**INFORMATION SUPPLIED:**
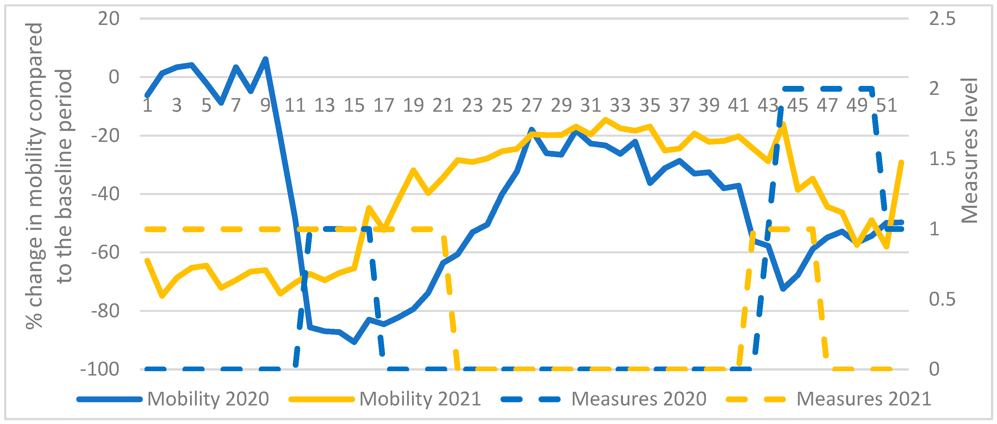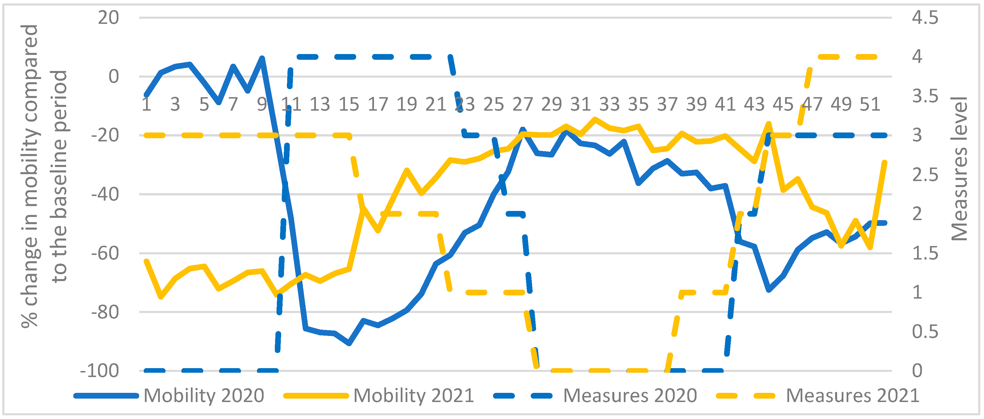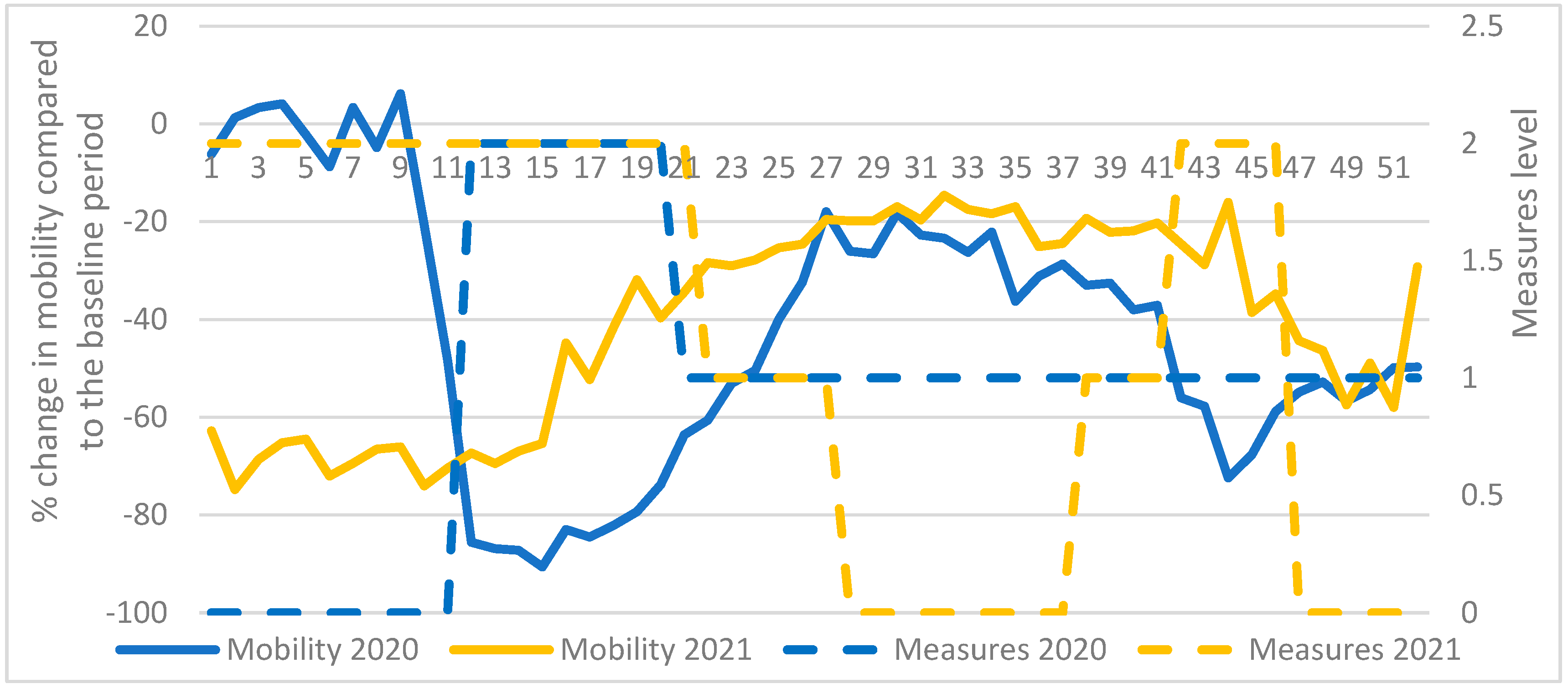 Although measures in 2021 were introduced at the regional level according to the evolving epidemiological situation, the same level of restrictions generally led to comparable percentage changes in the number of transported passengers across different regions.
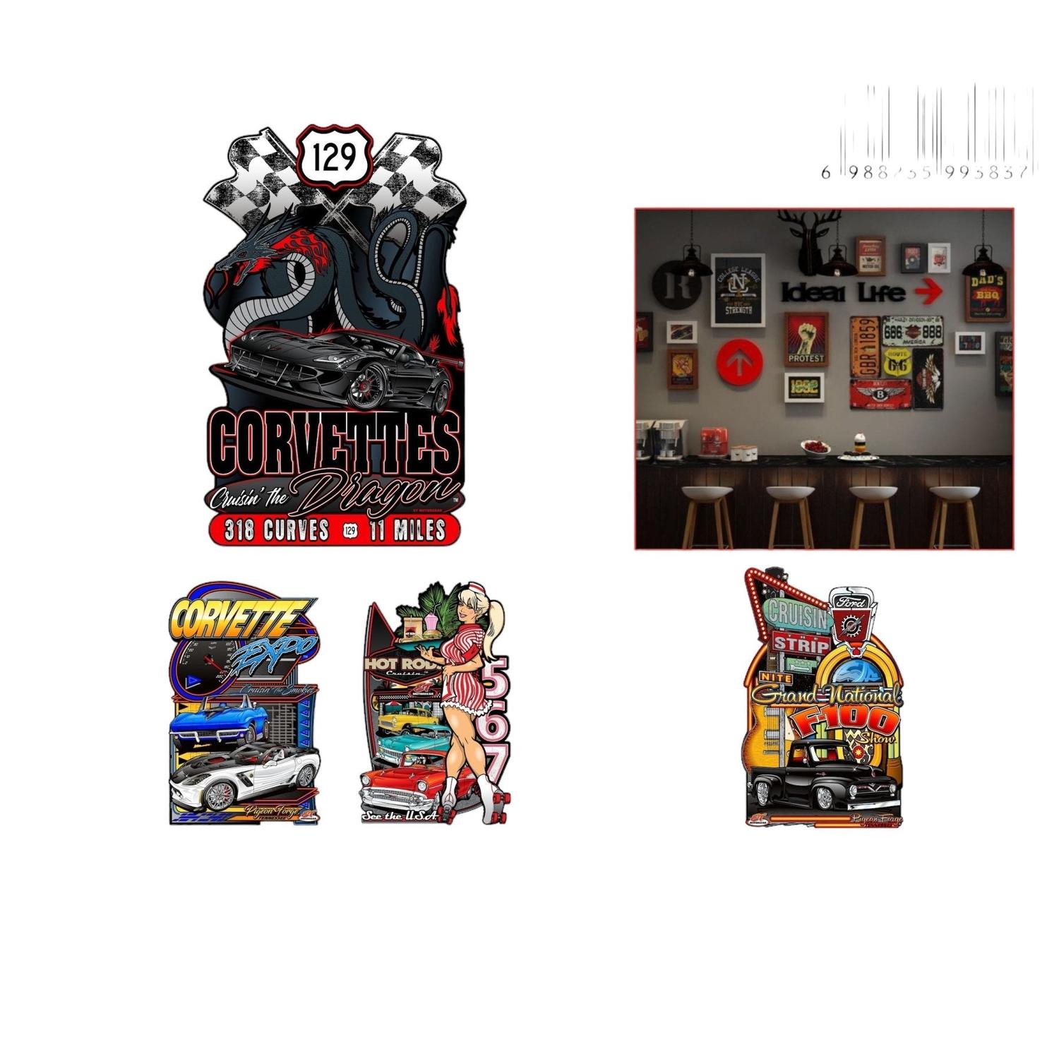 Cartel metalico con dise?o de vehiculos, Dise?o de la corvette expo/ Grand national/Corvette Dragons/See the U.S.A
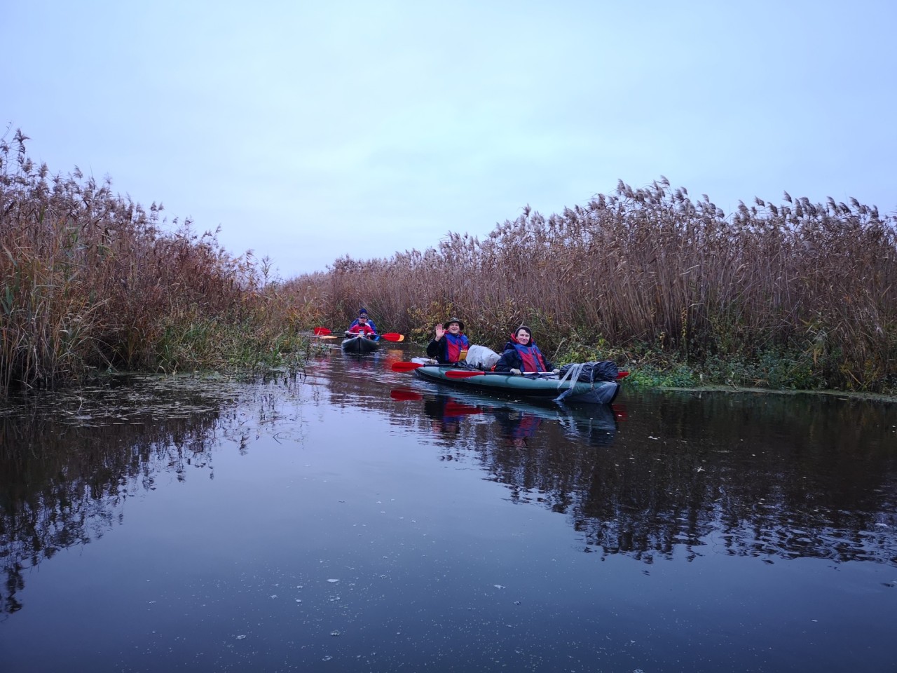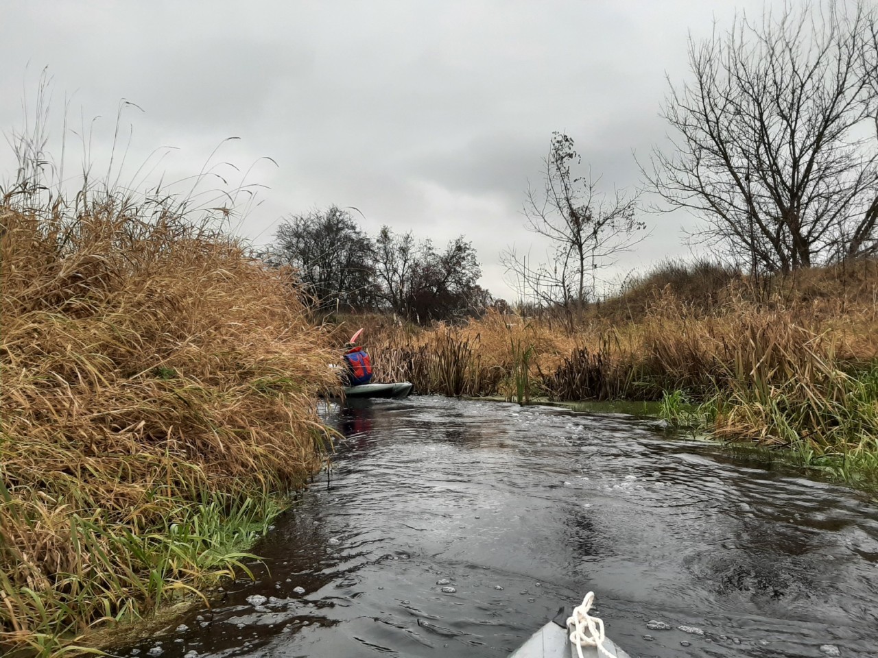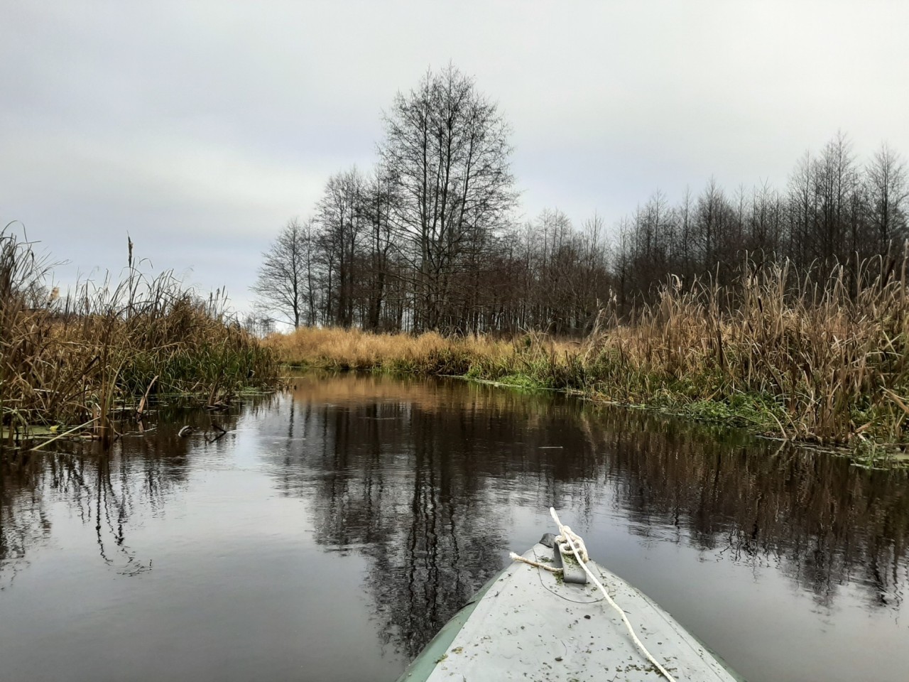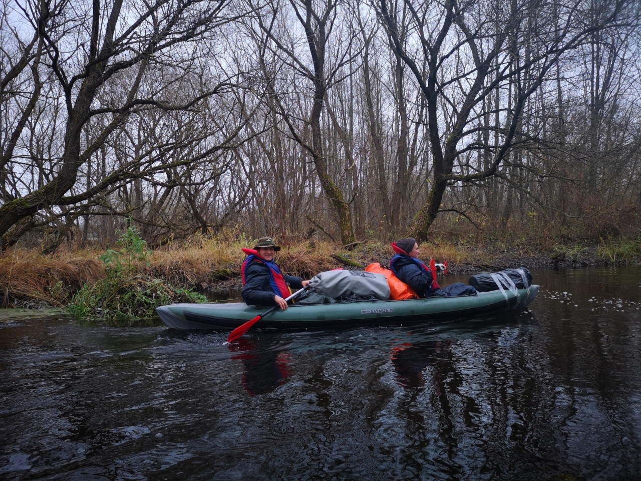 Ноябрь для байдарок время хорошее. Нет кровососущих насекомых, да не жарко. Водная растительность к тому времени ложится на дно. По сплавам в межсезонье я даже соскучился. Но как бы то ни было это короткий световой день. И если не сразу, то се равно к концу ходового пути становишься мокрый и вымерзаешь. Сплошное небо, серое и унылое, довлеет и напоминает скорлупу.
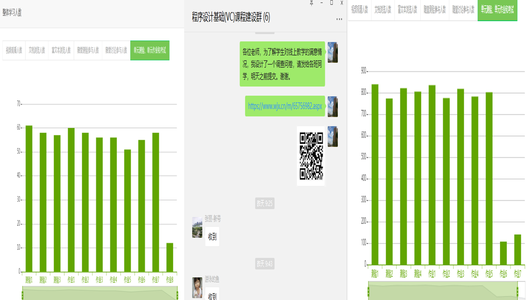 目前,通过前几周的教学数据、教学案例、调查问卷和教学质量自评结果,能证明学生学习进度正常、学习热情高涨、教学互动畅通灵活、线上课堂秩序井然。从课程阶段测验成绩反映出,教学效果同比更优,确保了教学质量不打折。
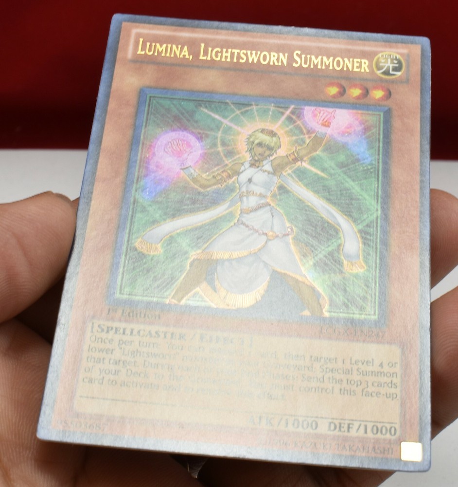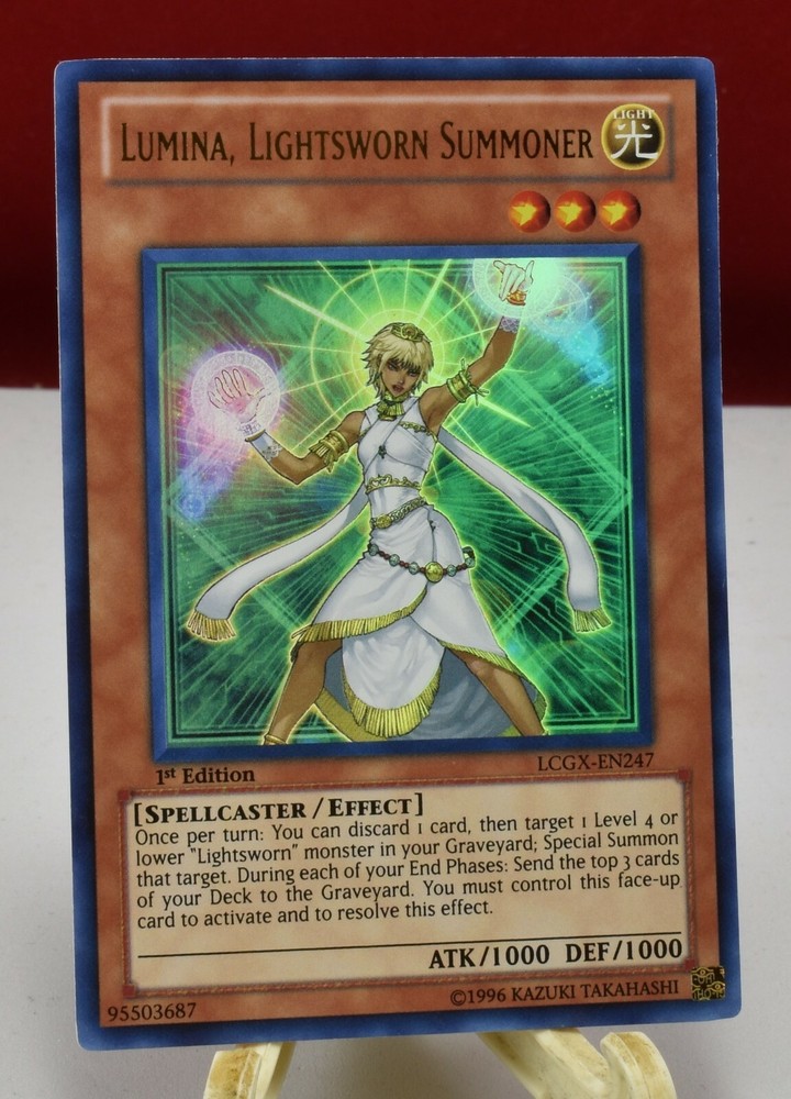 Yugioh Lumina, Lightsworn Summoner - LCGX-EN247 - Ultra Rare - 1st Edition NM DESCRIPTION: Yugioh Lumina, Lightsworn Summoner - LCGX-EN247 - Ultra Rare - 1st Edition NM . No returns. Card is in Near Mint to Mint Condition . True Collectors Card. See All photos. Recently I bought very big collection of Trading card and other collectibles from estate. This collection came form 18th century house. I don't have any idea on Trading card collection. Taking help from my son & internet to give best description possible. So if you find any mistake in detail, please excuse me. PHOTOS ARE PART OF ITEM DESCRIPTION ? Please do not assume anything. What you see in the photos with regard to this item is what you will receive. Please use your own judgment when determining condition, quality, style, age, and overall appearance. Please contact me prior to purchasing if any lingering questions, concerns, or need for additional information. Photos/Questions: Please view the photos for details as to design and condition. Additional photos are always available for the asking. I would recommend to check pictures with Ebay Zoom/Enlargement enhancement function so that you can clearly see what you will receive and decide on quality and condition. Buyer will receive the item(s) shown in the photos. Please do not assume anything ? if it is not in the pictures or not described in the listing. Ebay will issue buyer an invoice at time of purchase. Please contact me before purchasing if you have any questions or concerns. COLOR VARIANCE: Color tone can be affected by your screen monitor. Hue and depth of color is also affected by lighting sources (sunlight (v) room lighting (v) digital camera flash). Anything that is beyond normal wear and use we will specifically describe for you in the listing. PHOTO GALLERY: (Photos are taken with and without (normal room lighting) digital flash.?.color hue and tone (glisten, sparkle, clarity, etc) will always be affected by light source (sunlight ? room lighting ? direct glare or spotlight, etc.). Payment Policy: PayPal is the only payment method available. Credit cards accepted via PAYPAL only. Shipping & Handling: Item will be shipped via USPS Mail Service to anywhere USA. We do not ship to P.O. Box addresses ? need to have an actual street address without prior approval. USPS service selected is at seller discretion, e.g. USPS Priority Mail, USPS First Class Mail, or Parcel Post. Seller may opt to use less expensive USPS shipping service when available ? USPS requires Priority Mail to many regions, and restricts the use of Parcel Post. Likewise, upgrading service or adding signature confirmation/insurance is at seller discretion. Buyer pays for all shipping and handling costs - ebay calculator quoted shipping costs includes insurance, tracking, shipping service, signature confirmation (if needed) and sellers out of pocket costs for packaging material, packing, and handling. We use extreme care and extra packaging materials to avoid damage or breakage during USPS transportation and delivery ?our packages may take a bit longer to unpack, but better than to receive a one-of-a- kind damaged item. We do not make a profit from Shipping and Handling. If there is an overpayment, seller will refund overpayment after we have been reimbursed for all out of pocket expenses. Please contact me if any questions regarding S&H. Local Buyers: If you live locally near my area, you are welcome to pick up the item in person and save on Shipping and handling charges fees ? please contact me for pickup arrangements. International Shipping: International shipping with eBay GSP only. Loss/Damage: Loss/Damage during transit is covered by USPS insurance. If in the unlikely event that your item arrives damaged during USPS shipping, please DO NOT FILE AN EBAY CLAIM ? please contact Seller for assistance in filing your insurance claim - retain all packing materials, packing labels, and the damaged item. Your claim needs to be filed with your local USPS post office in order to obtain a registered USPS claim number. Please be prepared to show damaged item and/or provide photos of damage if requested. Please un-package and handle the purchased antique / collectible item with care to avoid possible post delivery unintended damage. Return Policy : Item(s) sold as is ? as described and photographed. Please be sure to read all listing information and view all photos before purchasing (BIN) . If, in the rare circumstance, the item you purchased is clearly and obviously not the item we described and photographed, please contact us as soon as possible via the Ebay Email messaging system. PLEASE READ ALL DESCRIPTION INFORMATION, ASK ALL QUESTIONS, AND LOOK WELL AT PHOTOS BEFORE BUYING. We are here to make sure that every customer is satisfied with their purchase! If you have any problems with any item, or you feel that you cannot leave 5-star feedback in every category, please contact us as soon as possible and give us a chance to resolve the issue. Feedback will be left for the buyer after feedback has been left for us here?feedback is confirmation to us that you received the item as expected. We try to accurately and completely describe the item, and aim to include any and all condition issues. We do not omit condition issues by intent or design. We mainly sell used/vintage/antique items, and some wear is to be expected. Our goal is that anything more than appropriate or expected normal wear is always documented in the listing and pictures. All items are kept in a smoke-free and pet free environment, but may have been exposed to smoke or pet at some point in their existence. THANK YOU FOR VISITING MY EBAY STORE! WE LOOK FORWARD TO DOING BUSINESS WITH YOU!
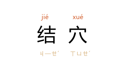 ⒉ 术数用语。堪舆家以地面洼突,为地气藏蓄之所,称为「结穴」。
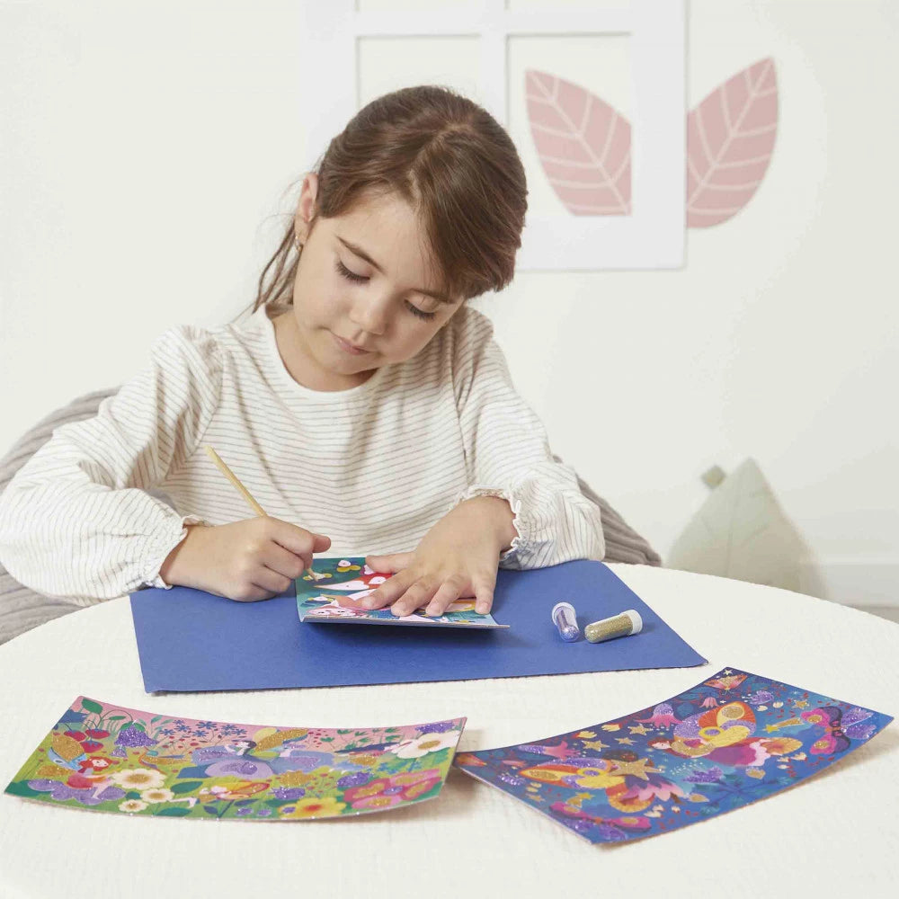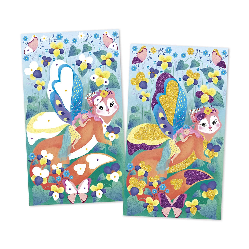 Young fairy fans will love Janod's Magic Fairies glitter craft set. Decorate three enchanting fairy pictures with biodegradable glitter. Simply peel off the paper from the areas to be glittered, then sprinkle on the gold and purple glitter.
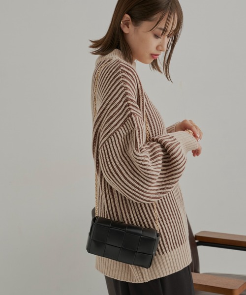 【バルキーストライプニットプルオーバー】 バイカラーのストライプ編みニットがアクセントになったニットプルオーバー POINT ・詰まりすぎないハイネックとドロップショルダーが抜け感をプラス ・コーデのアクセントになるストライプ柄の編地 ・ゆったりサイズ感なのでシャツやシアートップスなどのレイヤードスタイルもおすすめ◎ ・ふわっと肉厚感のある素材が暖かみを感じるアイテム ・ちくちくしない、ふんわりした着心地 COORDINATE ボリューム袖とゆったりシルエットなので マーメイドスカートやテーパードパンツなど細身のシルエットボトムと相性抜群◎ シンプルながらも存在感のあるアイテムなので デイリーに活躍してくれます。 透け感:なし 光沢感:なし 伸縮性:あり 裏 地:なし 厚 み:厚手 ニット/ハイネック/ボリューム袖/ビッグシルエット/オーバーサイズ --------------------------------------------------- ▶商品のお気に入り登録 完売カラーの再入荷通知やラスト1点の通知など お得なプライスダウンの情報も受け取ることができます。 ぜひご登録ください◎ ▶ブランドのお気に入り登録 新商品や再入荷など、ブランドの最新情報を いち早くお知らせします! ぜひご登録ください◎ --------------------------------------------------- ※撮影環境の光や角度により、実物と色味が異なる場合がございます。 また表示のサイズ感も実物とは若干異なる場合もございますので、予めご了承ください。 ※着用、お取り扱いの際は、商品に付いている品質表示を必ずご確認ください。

**WHAT TO PRODUCE:** Reproduce the data above exactly, but only from the line containing "Ноябрь для байдарок" through the line containing "目前,通过前几周的教学数据、"; skip the pictures.

**RESPONSE TO THE TASK:**
 Ноябрь для байдарок время хорошее. Нет кровососущих насекомых, да не жарко. Водная растительность к тому времени ложится на дно. По сплавам в межсезонье я даже соскучился. Но как бы то ни было это короткий световой день. И если не сразу, то се равно к концу ходового пути становишься мокрый и вымерзаешь. Сплошное небо, серое и унылое, довлеет и напоминает скорлупу.
 目前,通过前几周的教学数据、教学案例、调查问卷和教学质量自评结果,能证明学生学习进度正常、学习热情高涨、教学互动畅通灵活、线上课堂秩序井然。从课程阶段测验成绩反映出,教学效果同比更优,确保了教学质量不打折。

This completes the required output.